ABSTRACT
Objectives While randomized controlled trials (RCTs) are considered a standard for evidence on the efficacy of medical treatments, non-randomized real-world evidence (RWE) studies using data from health insurance claims or electronic health records can provide important complementary evidence. The use of RWE to inform decision-making has been questioned because of concerns regarding confounding in non-randomized studies and the use of secondary data. RCT-DUPLICATE was a demonstration project that emulated the design of 32 RCTs with non-randomized RWE studies. We sought to explore how emulation differences relate to variation in results between the RCT-RWE study pairs.
Methods We include all RCT-RWE study pairs from RCT-DUPLICATE where the measure of effect was a hazard ratio and use exploratory meta-regression methods to explain differences and variation in the effect sizes between the results from the RCT and the RWE study. The considered explanatory variables are related to design and population differences.
Results Most of the observed variation in effect estimates between RCT-RWE study pairs in this sample could be explained by three emulation differences in the meta-regression model: (i) in-hospital start of treatment (not observed in claims data), (ii) discontinuation of certain baseline therapies at randomization (not part of clinical practice), (iii) delayed onset of drug effects (missed by short medication persistence in clinical practice).
Conclusions This analysis suggests that a substantial proportion of the observed variation between results from RCTs and RWE studies can be attributed to design emulation differences.
What is already known on this topic Real-world evidence (RWE) studies can complement randomized controlled trials (RCT) by providing insights on the effectiveness of a medical treatment in clinical practice. Concerns about confounding have limited the use of RWE studies in clinical practice and policy decisions.
What this study adds A large share of the observed variation in results between RCT-RWE study pairs could be explained by design emulation differences.
1 INTRODUCTION
Real-world evidence (RWE) has been defined as evidence on the effects of medical products that are derived from the analysis of real-world data (RWD) which includes a variety of patient health data sources, particularly data collected as part of routine clinical practice, including electronic health records and insurance claims data [1]. There has been increasing interest in the use of RWE from RWD to support clinical practice and policy decisions [2–5]. However, there remain concerns about the validity of such evidence compared to the traditional randomized controlled trial (RCT) [5–7].
Such concerns stem from a misleading dichotomy that pits RCTs against database studies instead of viewing them as providing complementary information that informs a fuller understanding of drug effects [8]. There have been many efforts to compare database and RCT results.
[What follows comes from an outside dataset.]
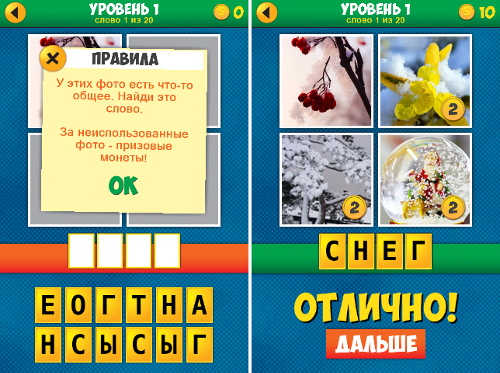 По своему геймплею два следующих приложения очень похожи – в обоих программах необходимо угадать слово, которое объединяет содержимое 4-х приведенных изображений. Кстати, такая преемственность программ не случайна – вторая программа является продолжением оригинала. Причем «продолжение» полностью на русском языке.

Some have observed high concordance and touted the ability of well-designed database studies to generate valid causal conclusions [9–13]. Others have used observed divergence in results to criticize database studies as intractably confounded [7,14–17].
One effort to compare RCT and database studies was RCT-DUPLICATE [10,19–21]. RCT-DUPLICATE set out to emulate more than 30 trials by prospectively designing a series of database studies to match each RCT design as closely as possible within the confines and limitations of using data that were not collected for research purposes. Because of the nature of using routinely collected data from clinical practice, some elements of trial design could not be exactly emulated, for example, measures to ensure prolonged adherence over long follow up windows. Such emulation differences can be summarised as: 1) differences in outcome measurements, 2) differences in demographics of included patients, 3) differences in treatment implementation in clinical practice, 4) lack of placebo in clinical practice. Design emulation differences change the question or estimand being addressed in the RCT compared to the database study [22,23].
We sought using the RCT-DUPLICATE collection of emulated trials to assess how design emulation differences relate to variation in results between RCTs and RWE database studies that were designed to emulate them. We explore whether the characteristics of emulation differences can reduce the residual heterogeneity in effect size differences in a meta-regression analysis.
2 DATA AND METHODS
The following analysis is of an exploratory nature and attempts to better understand emulation differences and how this impacts variation in results between RCT-RWE study pairs.
RCT DUPLICATE
The selection process for the RCT-DUPLICATE study is described in detail elsewhere [19,24]. In summary, the RCT-DUPLICATE consortium emulated 32 RCTs that were relevant to regulatory decision making and were potentially feasible to emulate using claims data because key study parameters such as the primary outcome, the treatment strategies and inclusion/exclusion criteria were measurable. The selected trials include a mix of superiority and non-inferiority trials, trials with large and small effect sizes, and a mix of trials with active comparators and placebo added to active standard of care therapies. The consortium used three RWD sources to implement the database studies that emulated RCTs: Optum Clinformatics Data Mart beginning in 2004, IBM MarketScan beginning in 2003 and Medicare Parts A, B, and D. Whenever possible, the RCT emulations were implemented in more than one of the data sources and the final analyses are based on estimates resulting from a fixed effects meta-analysis of the implementations in all databases. In the present study only those trials where the primary analysis resulted in a hazard ratio will be used - the trial LEAD2 with continuous outcome is discarded. For two trials (ISAR-REACT5 and VERO) a Chi-squared test indicated that the results were heterogeneous across databases so that the meta-analysis could not be performed to obtain a pooled RWE estimate for the hazard ratio [19] and those trials are omitted too.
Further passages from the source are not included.